# Franco-flemish polyphony inspired by japanese-dutch trade in culture



## deprofundis (Apr 25, 2014)

When japan open itself to outside world, dutch were the first to enter japanese kingdom so i wonder if any composer of dutch origin in renaissance toke influence from japanese music and put it in an european format but whit exotism of Japan.

Good question hey? i hope someone out there can answer this , were they classical composer of renaissance insspired by japanese spirit and tradition since contact was made between japanese and dutch first and foremost?
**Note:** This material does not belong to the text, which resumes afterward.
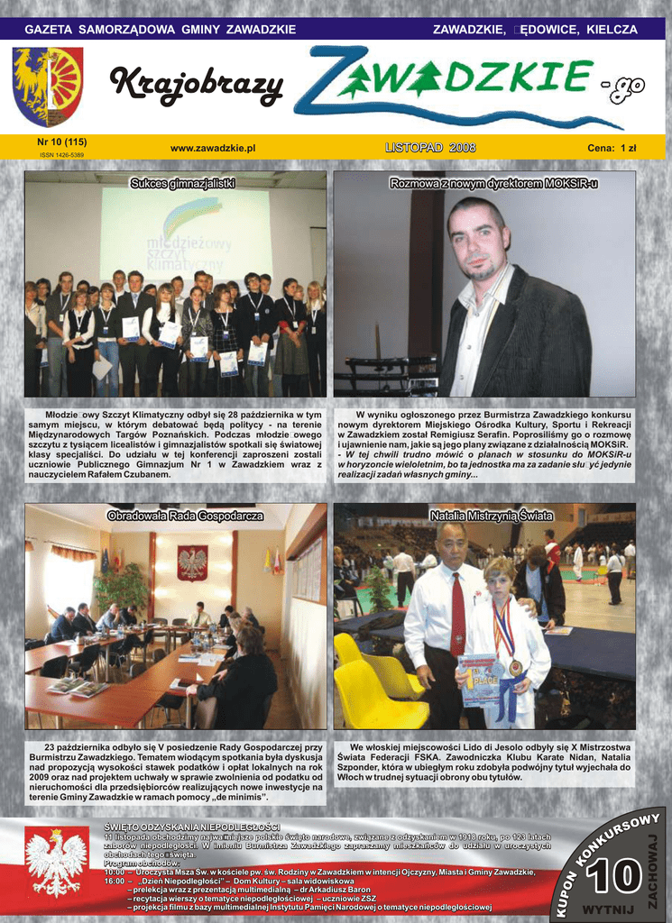 Nr 10 (115) ISSN 1426-5389 www.zawadzkie.pl ZAWADZKIE, ŻĘDOWICE, KIELCZA LISTOPAD 2008 Cena: 1 zł Młodzieżowy Szczyt Klimatyczny odbył się 28 października w tym samym miejscu, w którym debatować będą politycy - na terenie Międzynarodowych Targów Poznańskich. Podczas młodzieżowego szczytu z tysiącem licealistów i gimnazjalistów spotkali się światowej klasy specjaliści. Do udziału w tej konferencji zaproszeni zostali uczniowie Publicznego Gimnazjum Nr 1 w Zawadzkiem wraz z nauczycielem Rafałem Czubanem. W wyniku ogłoszonego przez Burmistrza Zawadzkiego konkursu nowym dyrektorem Miejskiego Ośrodka Kultury, Sportu i Rekreacji w Zawadzkiem został Remigiusz Serafin. Poprosiliśmy go o rozmowę i ujawnienie nam, jakie są jego plany związane z działalnością MOKSiR. - W tej chwili trudno mówić o planach w stosunku do MOKSiR-u w horyzoncie wieloletnim, bo ta jednostka ma za zadanie służyć jedynie realizacji zadań własnych gminy... 23 października odbyło się V posiedzenie Rady Gospodarczej przy Burmistrzu Zawadzkiego. Tematem wiodącym spotkania była dyskusja nad propozycją wysokości stawek podatków i opłat lokalnych na rok 2009 oraz nad projektem uchwały w sprawie zwolnienia od podatku od nieruchomości dla przedsiębiorców realizujących nowe inwestycje na terenie Gminy Zawadzkie w ramach pomocy „de minimis”. We włoskiej miejscowości Lido di Jesolo odbyły się X Mistrzostwa Świata Federacji FSKA. Zawodniczka Klubu Karate Nidan, Natalia Szponder, która w ubiegłym roku zdobyła podwójny tytuł wyjechała do Włoch w trudnej sytuacji obrony obu tytułów. N KU P O 11 listopada obchodzimy najważniejsze polskie święto narodowe, związane z odzyskaniem w 1918 roku, po 123 latach zaborów niepodległości. W imieniu Burmistrza Zawadzkiego zapraszamy mieszkańców do udziału w uroczystych obchodach tegoż święta. Program obchodów: 10:00 – Uroczysta Msza Św. w kościele pw. św. Rodziny w Zawadzkiem w intencji Ojczyzny, Miasta i Gminy Zawadzkie, 16:00 – „Dzień Niepodległości” – Dom Kultury – sala widowiskowa – prelekcja wraz z prezentacją multimedialną – dr Arkadiusz Baron – recytacja wierszy o tematyce niepodległościowej – uczniowie ZSZ – projekcja filmu z bazy multimedialnej Instytutu Pamięci Narodowej o tematyce niepodległościowej KO ŚWIĘTO ODZYSKANIA NIEPODLEGŁOŚCI N WY SO R U K 10 WYTNIJ ZACHOWAJ GAZETA SAMORZĄDOWA GMINY ZAWADZKIE Sesja Rady Miejskiej 27 października 2008 r. odbyła się XXII sesja Rady Miejskiej. Obradom sesji przewodniczył Wiceprzewodniczący Rady Miejskiej Rafał Czuban. Na sesji przyjęto między innymi informację na temat przygotowania do sezonu zimowego oraz informację na temat działalności Spółki ZAW-KOM. W ramach punktu dotyczącego podjęcia uchwał, radni uchwalili zmiany w budżecie gminy na 2008 r., ustalili wysokość n a j n i ż s z e g o wynagrodzenia zasadniczego oraz wartość 1 punktu w z ł o t y c h d l a p r a c o w n i k ó w gminnych jednostek organizacyjnych. Przyjęto również Program Współpracy Gminy Zawadzkie z Organizacjami Pozarządowymi na rok 2009 oraz wyrażono zgodę na udzielenie pomocy finansowej Gminie Ujazd (uchwała dotyczy przekazania środków finansowych, które były planowane na organizację dożynek w Żędowicach, a które zgodnie z decyzją Rady Sołeckiej zostaną przekazane ofiarom trąby powietrznej, jaka miała miejsce w miesiącu sierpniu na terenie powiatu strzeleckiego). Radni uchwalili również siedem uchwał dotyczących wyrażenia zgody na udzielenie bonifikaty przekraczającej wartość 50.000 zł od ceny nieruchomości przy sprzedaży lokali mieszkalnych. Na sesję przybyli mieszkańcy Żędowic, którzy wyrazili swój sprzeciw w sprawie planów przeniesienia przedszkola do szkoły w Żędowicach. Temat ten był szeroko omawiany na posiedzeniach przedsesyjnych komisji problemowych, na których radni ustalili na miesiąc listopad spotkanie z Radą Rodziców przedszkola oraz wizję lokalną obiektów. Obecny na sesji był również Zastępca Komendanta Komisariatu Policji w Zawadzkiem Andrzej Białkowski, który odpowiadał radnym na pytania dotyczące bezpieczeństwa w naszej gminie. Radni zwrócili szczególną uwagę na zwiększenie liczby patroli w godzinach porannych, karanie za parkowanie samochodów na ścieżkach rowerowych oraz interweniowanie w przypadku braku oświetlenia rowerów. Na zaproszenie Przewodniczącego Rady Miejskiej na sesję przybyła Teresa Zimoch, Kierownik Oddziału Terenowego Zarządu Dróg Wojewódzkich w Oleśnie. I tak radni dowiedzieli się, że utrudnienia w przejeździe do Strzelec Opolskich potrwają co najmniej do września 2009 r. Według zapewnień Dyrektora Zarządu Dróg Wojewódzkich w przyszłym roku ruszy budowa ronda w Zawadzkiem, a jeszcze w tym roku jest szansa na remont nawierzchni drogi od przejazdu kolejowego na ul. Strzeleckiej w Zawadzkiem w kierunku Wierchlesia. Radni wyrazili swoje zaniepokojenie inwestycją, jak prowadzona jest na drodze wojewódzkiej – budowa gazociągu. Budowa ta mogła być prowadzona w zupełnie innym miejscu bez naruszenia chodnika. Inwestycji tej nikt nie uzgadniał z U r z ę d e m Miejskim ani S p ó ł k ą Z AWK O M . Te r e s a Z i m o c h wyjaśniła, że i n w e s t o r otrzymał decyzję lokalizacyjną w Zarządzie Dróg Wojewódzkich i t a m t e ż inwestycja ta była uzgadniana. Zarząd Dróg dopilnuje również, by ułożono chodnik tak jak był w pierwotnym stanie. Do Komisji Uchwał i Wniosków wpłynęły następujące wnioski: Radny Józef Romberg: 1. Wniosek o zmianę znaków na ulicy Opolskiej na wysokości skrzyżowania z ulicą M. Ziai w Żędowicach. Obecnie stoją tam znaki – kontynuacja drogi z pierwszeństwem. Według mieszkańców powinny tam stać znaki „uwaga skrzyżowanie z drogą podporządkowaną”. Oprócz tego pasy ciągłe kończą się ok. 5m za tym skrzyżowaniem, co stanowi bardzo duże zagroż

Merci, than you, danke, arrigato dear reader of talk classical..:tiphat:


----------



## norman bates (Aug 18, 2010)

I can think of a couple of pieces made by dutch composers showing an oriental influence at the beginning of the twentieth century, Hieroglyphen of Daniel Ruyneman and the Chinese symphony of Bernard Van Dieren, but certainly nothing before that.


----------



## eugeneonagain (May 14, 2017)

The Dutch had trade arrangements with the Japanese _before_ it was opened up by U.S. imperialists (he he:tiphat.


----------



## Eschbeg (Jul 25, 2012)

By the time the Dutch and Japanese began formal trade relations, the height of the Franco-Flemish school had already passed. By most standards of periodization, the Renaissance had just ended.


----------